Данный фрагмент был переклонирован в фирменный вектор pGEM-T Easy (Promega), согласно протоколу. Полученная конструкция была проверена с помощью рестриктного анализа с последующим секвенированием с праймерами M13R и M13F. (Рис.1)
Из данной конструкции был вырезан ген нейротрофического фактора GDNF по сайтам рестрикции EcoRV-BamHI (600bp) и встроен в плазмиду, содержащую промотор hsp70 Drosophila и регуляторную зону с 4 HSE, по сайтам рестрикции SmaI/BamHI. Наличие вставки в данных конструкциях было проверено с помощью рестриктного анализа по различным сайтам, в том числе по сайтам клонирования методом ПЦР с праймерами gdnf-F (5'-ggaatcggcaggctgcagctg-3') и gfp-R (5'-aataaagcttgcatggcggtaatacg-3').
Также было проведено секвенирование с помощью праймеров gdnf-F (5'-ggaatcggcaggctgcagctg-3') и gdnf-R (5'-aatgctttcttagaatatggt-3'). (Рис.2)
Схема генно-инженерной конструкции представлена на рис.3.
После выделения и очистки эта конструкция была введена в культуру клеток линии НЕК293 методом трансфекции с использованием реагента ExGene 500 (Fermentas, R0511).
Трансфекция производилась согласно протоколу.
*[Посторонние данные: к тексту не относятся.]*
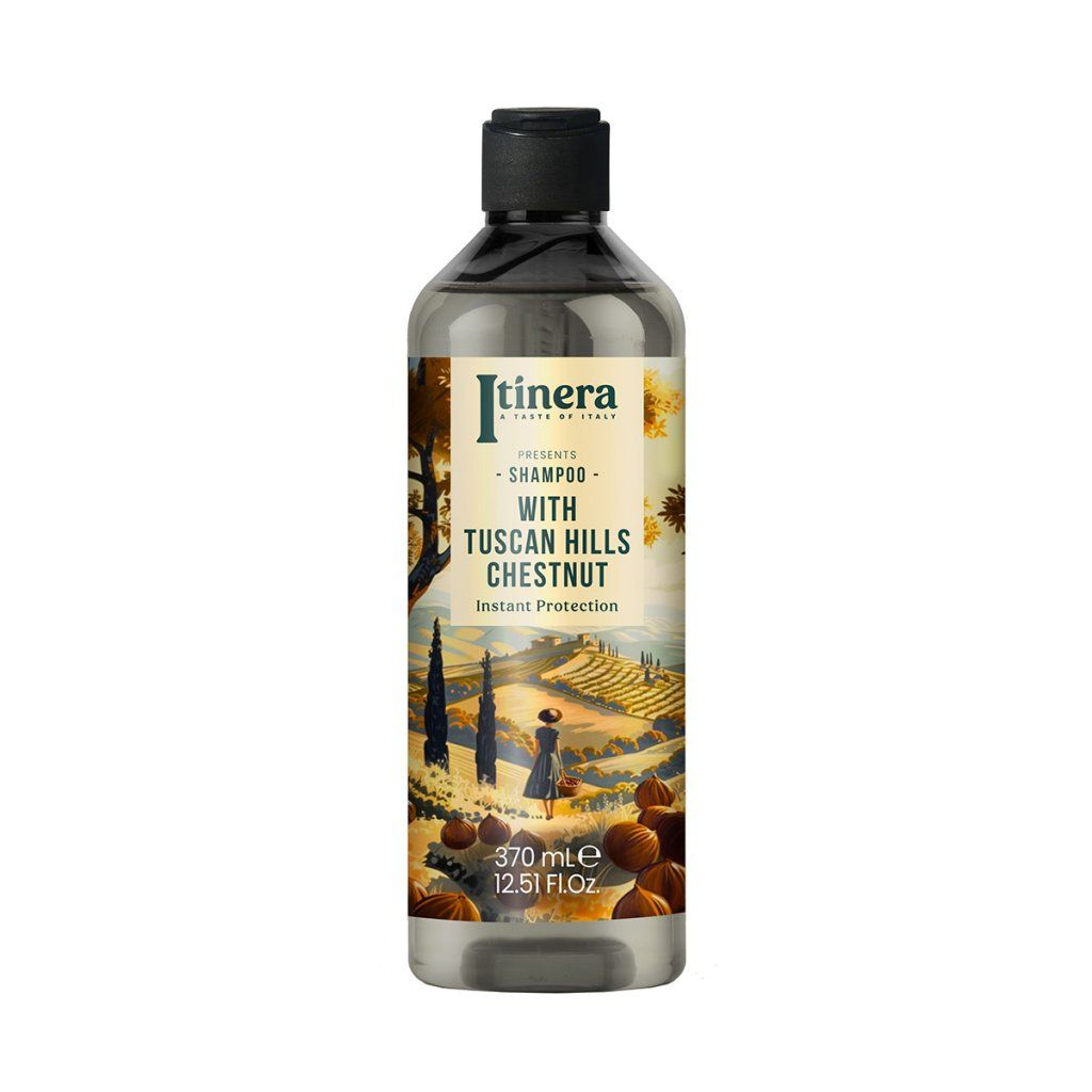 Objevte šetrnou péči s šamponem Itinera speciálně navrženým pro ochranu vlasů před tepelným poškozením při stylingu. Obsahuje organický extrakt z toskánských kaštanů, bohatý na sacharidy, minerály, vitamíny, bílkoviny a aminokyseliny, včetně argininu, který vlasy posiluje, hydratuje a vytváří ochranný film zabraňující ztrátě vlhkosti. Inovativní složení pomáhá restrukturalizovat vlasové vlákno, zlepšuje jeho pevnost a pružnost a dodává vlasům zdravý lesk. Vůně ovocných tónů, vanilky, pryskyřic a mošusu vás zahalí do hřejivého, podzimního aroma inspirovaného toskánskými lesy.

Культура клеток линии НЕК-293 инкубировалась при 37°С в CO2 инкубаторе. После селекции на гентамицине в течение 10 дней трансфекцированные клетки были рассеяны на 25 см2 культуральные флаконы. Далее необходимо было отобрать под флуоресцентным микроскопом колонии клеток, которые экспрессировали GDNF, маркированные зеленым флуоресцентным белком GFP. Наблюдалось активное свечение клеток. Тем не менее, мы проверили наличие нашей конструкции в клетках. Для этого была выделена РНК из данной культуры клеток для последующего анализа с помощью RT-PCR и Вестерн-блот.
Для RT-PCR лизировали клетки тризолом согласно протоколу, синтезировали кДНК с помощью обратной ревертазы. Программа синтеза кДНК (RT): 70°С - 5 мин, 37°С - 5 мин, 37°С - 60 мин, 70°С - 5 мин, 20°С - 30 сек. Синтезированная кДНК была использована для реакций ПЦР с различными праймерами: GAPDH R (5'-cccctggccaaggtcatccatgacaactt-3') GAPDH F (5'-ggccatgaggtccaccaccctgttgctgta-3'); gdnf-F (5'-ggaatcggcaggctgcagctg-3') и GDNF-BamHI (5'-tggatcccagatacatccacaccttttagcgg-3'). Также была проведена Вестерн-блот гибридизация с трансфецированной культурой клеток.
Для получения трансгенной клеточной культуры в конструкцию введен ген устойчивости к неомицину, что позволяет производить селекцию трансфицированных клеток на G418.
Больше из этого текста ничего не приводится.